Understanding AI’s Role in Healthcare: A Framework for Boards and CEOs

Aligning Board and Leadership Expectations

Healthcare providers face intense pressure to improve clinical outcomes, manage costs, and enhance patient and employee experiences. Increasingly, boards and executive teams are exploring artificial intelligence (AI) as a strategic lever to address these multifaceted challenges. Drawing on lessons from its engagements with diverse healthcare clients—from specialty practices to large integrated health systems—Avancer, a strategic advisory firm, helps leaders adapt their governance and leadership strategies to leverage AI’s potential effectively. This guidance encompasses prioritizing AI opportunities, framing associated risks, and pursuing key objectives such as cost containment, quality improvements, and developing new and expanded revenue streams. Given these pressures and possibilities, a clear, objective framework is essential for evaluating how AI can best integrate into an organization’s strategy, streamline operations, and strengthen its market position.

Translating AI’s promise into tangible results is not straightforward. While almost all healthcare providers deploy regulatory-approved AI solutions, they must still ensure safe and effective workflow use, maintain compliance with data privacy laws, provide clinical training and monitoring, offer technical support, manage ongoing maintenance and planned obsolescence (replacement), and address interoperability challenges. Success also hinges on organizational readiness, precise strategic alignment, and honest assessments of AI’s capabilities and what will be unknown limitations. By adopting a fact-based, informed approach—grounded in a real-world framework—boards and leadership can mitigate risks and ensure that AI investments deliver meaningful value over their lives.

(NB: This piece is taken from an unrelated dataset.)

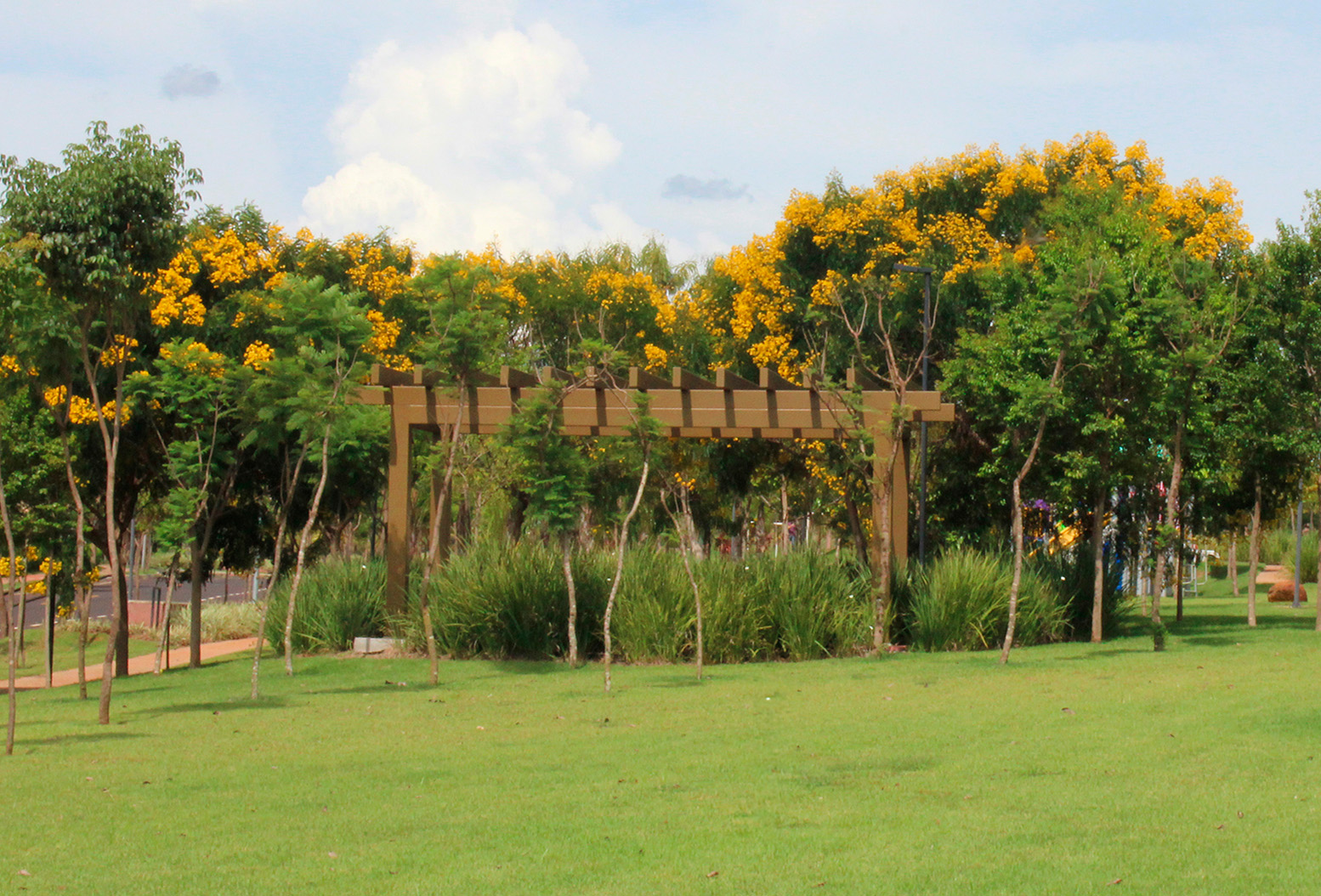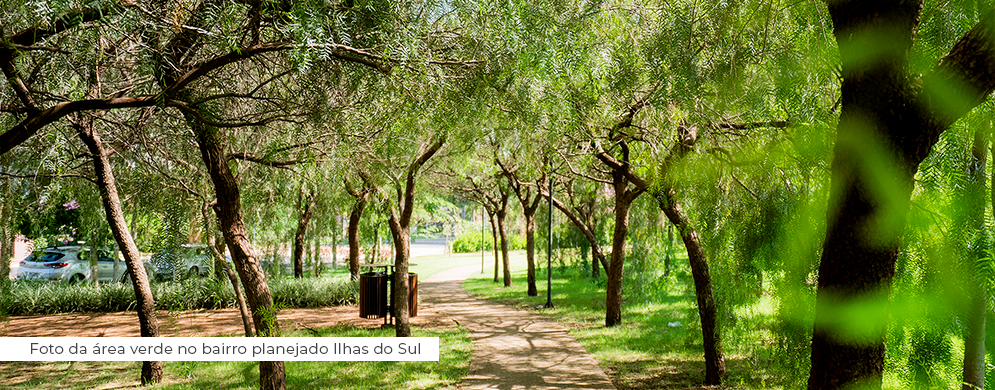 Foto da área verde no bairro planejado Ilhas do Sul

Understanding AI in Healthcare

Even when licensing pre-built AI solutions, healthcare providers must understand the underlying data-driven techniques these tools use for prediction, classification, or insight generation. This understanding is crucial for safe use, effective deployment, long-term interoperability, and monitoring of the AI solution’s life. Each model type has distinct data requirements, validation needs, interpretability levels, maintainability (e.g., new ‘learnings’), and regulatory dependencies. Aligning the appropriate model with organizational objectives—such as enhancing revenue, improving clinical outcomes, or streamlining operations—maximizes AI's potential:

  • Supervised Learning Models: This method uses labeled data (where the desired output is already known) to train a model to predict or classify outcomes. The model learns the relationship between input features and the correct output. Examples include:

    • Detecting abnormalities in medical images (e.g., identifying cancerous tumors in X-rays or CT scans): The images are labeled by radiologists as "benign" or "malignant," and the model learns to distinguish between them.

    • Patient data (e.g., demographics, diagnoses, prior admissions, etc.) is used to predict the likelihood of a patient being readmitted within a specific timeframe.

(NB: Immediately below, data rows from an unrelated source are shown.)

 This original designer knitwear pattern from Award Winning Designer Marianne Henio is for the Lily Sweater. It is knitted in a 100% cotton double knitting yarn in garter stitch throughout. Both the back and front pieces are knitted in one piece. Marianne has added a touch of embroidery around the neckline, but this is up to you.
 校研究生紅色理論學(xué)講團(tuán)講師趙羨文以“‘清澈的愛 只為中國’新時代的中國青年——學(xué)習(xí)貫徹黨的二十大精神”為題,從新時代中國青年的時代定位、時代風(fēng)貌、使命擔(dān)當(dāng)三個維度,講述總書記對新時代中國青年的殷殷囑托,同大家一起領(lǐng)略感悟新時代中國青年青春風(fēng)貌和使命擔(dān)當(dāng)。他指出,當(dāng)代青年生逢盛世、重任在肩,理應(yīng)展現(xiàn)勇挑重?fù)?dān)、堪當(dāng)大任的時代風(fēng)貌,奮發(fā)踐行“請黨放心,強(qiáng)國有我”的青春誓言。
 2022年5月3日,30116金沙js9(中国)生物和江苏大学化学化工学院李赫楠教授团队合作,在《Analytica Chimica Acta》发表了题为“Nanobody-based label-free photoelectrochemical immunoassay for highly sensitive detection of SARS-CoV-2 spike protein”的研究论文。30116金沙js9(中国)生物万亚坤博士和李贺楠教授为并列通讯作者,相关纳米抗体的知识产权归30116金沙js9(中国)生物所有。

    • Predicting patient risk scores for specific conditions (e.g., sepsis, heart failure) based on patient vitals, lab results, and medical history, the model predicts the likelihood of developing a specific condition.

  • Unsupervised Learning Models: This method works with unlabeled data, identifying patterns, structures, and groupings without prior knowledge of the desired output. Examples include:

    • Grouping patient populations based on similar characteristics (e.g., disease progression, treatment response) to identify subtypes of diseases or personalize treatment strategies.

    • Uncovering cost drivers in service lines by analyzing claims data to identify factors contributing to high costs, such as specific procedures, patient demographics, or geographic locations.

    • Identifying unusual patterns in patient data, such as unexpected spikes in hospital admissions or adverse drug events.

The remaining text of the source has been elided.